- **Dataset records**:
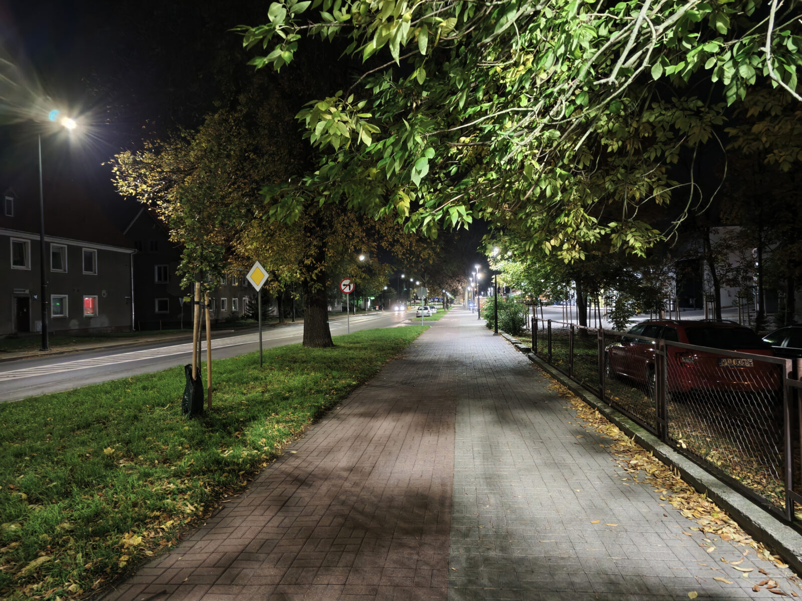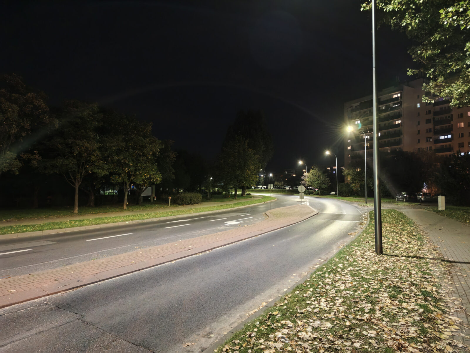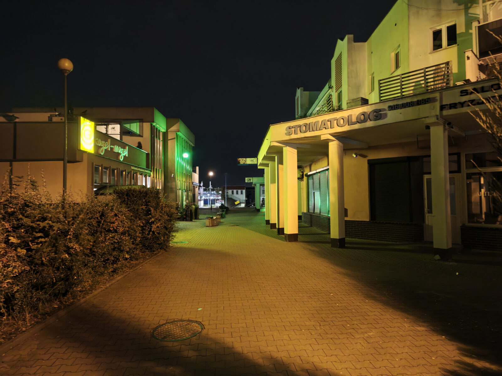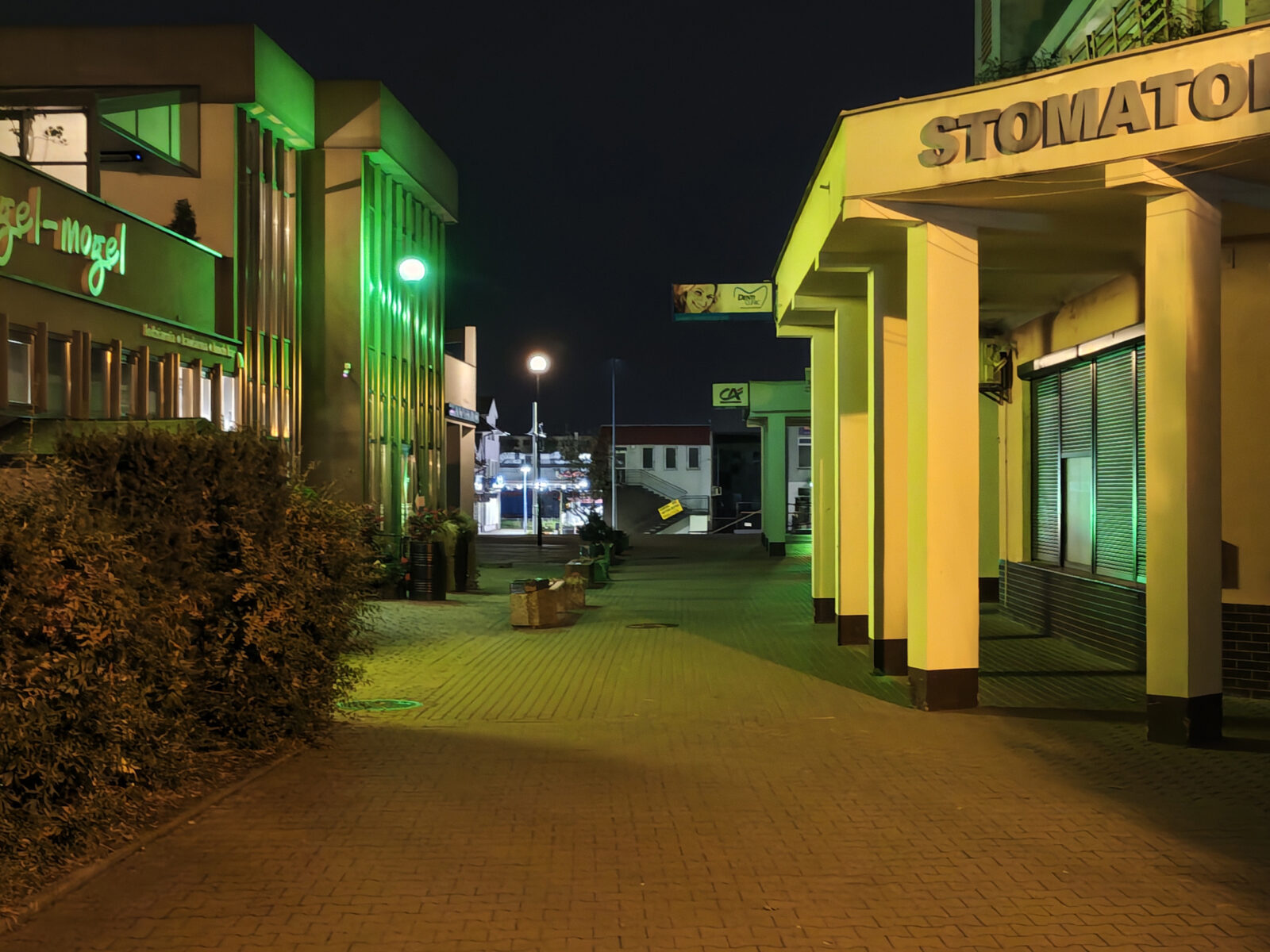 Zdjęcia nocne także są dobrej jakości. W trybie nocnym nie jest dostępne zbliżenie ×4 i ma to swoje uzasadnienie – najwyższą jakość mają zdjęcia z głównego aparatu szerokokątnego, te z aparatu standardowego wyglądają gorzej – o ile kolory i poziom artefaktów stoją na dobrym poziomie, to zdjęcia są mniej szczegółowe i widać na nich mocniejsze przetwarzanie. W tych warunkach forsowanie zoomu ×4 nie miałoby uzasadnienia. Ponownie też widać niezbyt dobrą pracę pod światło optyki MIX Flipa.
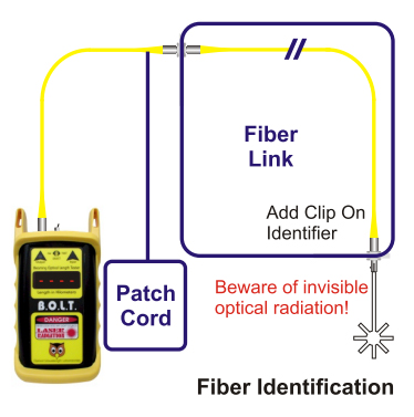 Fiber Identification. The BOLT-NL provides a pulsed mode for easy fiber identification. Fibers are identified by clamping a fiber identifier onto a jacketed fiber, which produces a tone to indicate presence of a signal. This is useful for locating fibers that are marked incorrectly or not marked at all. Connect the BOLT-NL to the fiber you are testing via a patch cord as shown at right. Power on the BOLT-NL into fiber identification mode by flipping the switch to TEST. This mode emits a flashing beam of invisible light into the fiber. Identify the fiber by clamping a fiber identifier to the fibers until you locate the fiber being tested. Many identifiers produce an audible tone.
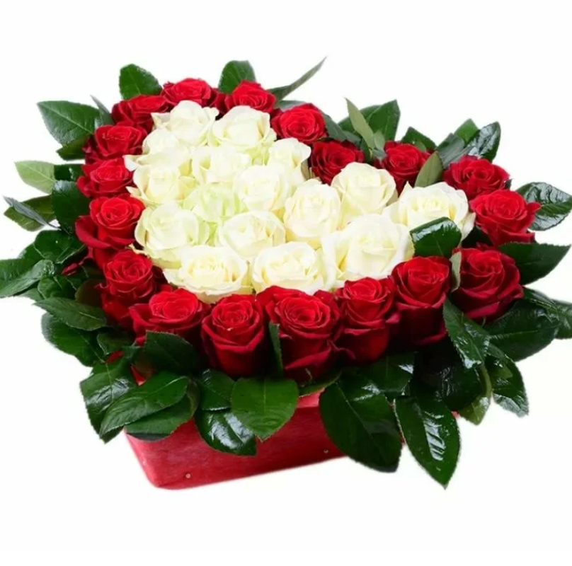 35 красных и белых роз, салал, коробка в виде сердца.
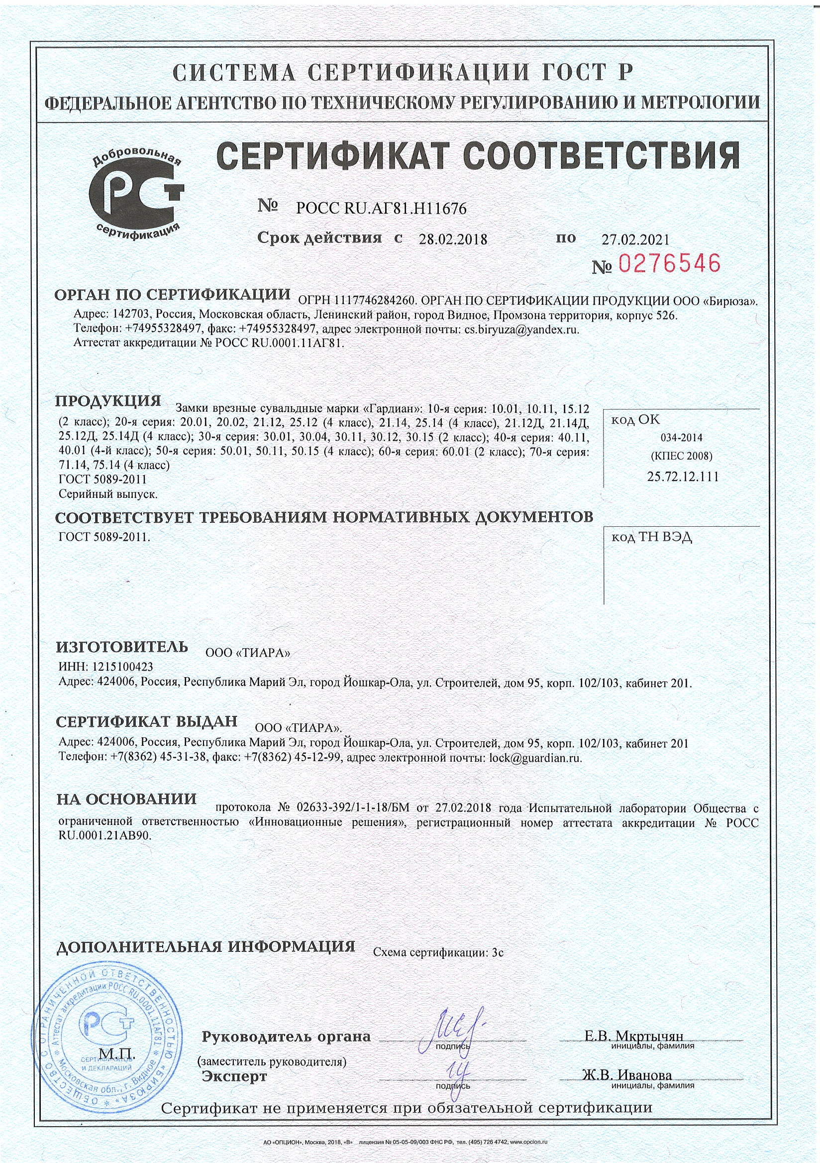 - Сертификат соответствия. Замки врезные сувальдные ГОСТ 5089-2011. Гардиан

---

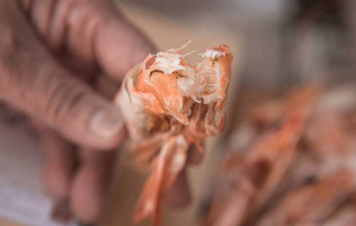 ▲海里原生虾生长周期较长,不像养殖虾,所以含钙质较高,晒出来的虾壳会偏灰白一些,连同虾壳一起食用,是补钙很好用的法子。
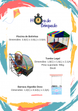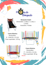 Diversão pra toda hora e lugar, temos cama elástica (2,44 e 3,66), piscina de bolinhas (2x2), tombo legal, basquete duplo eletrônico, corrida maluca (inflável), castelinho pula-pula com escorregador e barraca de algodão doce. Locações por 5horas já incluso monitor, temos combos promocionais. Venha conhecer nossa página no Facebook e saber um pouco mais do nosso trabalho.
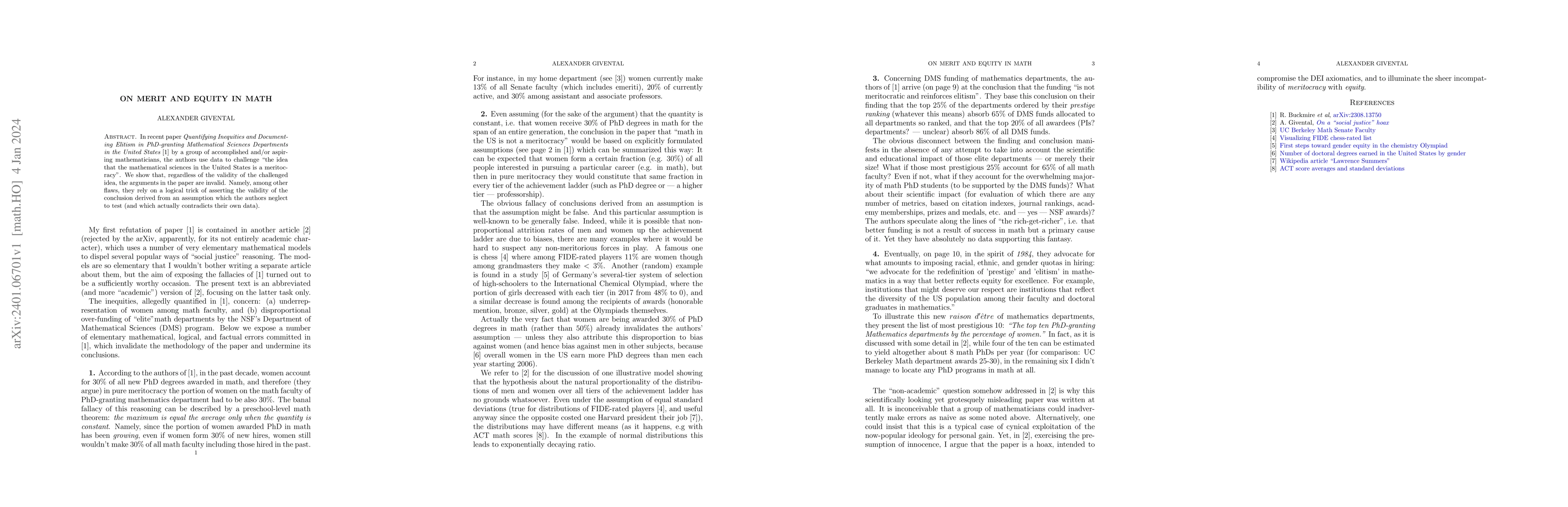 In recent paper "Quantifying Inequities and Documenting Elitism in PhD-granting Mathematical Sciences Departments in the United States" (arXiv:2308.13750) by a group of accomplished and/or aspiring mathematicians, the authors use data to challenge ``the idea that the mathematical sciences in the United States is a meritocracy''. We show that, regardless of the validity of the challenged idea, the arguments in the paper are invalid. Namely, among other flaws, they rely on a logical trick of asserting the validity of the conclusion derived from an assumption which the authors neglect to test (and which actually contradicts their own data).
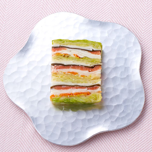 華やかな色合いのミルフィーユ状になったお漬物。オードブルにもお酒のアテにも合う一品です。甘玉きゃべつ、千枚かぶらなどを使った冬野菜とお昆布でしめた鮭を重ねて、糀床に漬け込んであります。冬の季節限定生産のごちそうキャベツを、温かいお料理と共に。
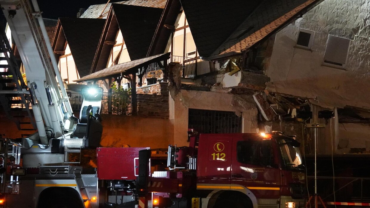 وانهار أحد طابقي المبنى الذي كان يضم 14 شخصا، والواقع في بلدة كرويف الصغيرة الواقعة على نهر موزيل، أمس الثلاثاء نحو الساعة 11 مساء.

- **Directions**: Repeat exactly, and only, the entries from the line with "In recent paper" through the line with "華やかな色合いのミルフィーユ". Pictures are skipped.

- **Result below**:
 In recent paper "Quantifying Inequities and Documenting Elitism in PhD-granting Mathematical Sciences Departments in the United States" (arXiv:2308.13750) by a group of accomplished and/or aspiring mathematicians, the authors use data to challenge ``the idea that the mathematical sciences in the United States is a meritocracy''. We show that, regardless of the validity of the challenged idea, the arguments in the paper are invalid. Namely, among other flaws, they rely on a logical trick of asserting the validity of the conclusion derived from an assumption which the authors neglect to test (and which actually contradicts their own data).
 華やかな色合いのミルフィーユ状になったお漬物。オードブルにもお酒のアテにも合う一品です。甘玉きゃべつ、千枚かぶらなどを使った冬野菜とお昆布でしめた鮭を重ねて、糀床に漬け込んであります。冬の季節限定生産のごちそうキャベツを、温かいお料理と共に。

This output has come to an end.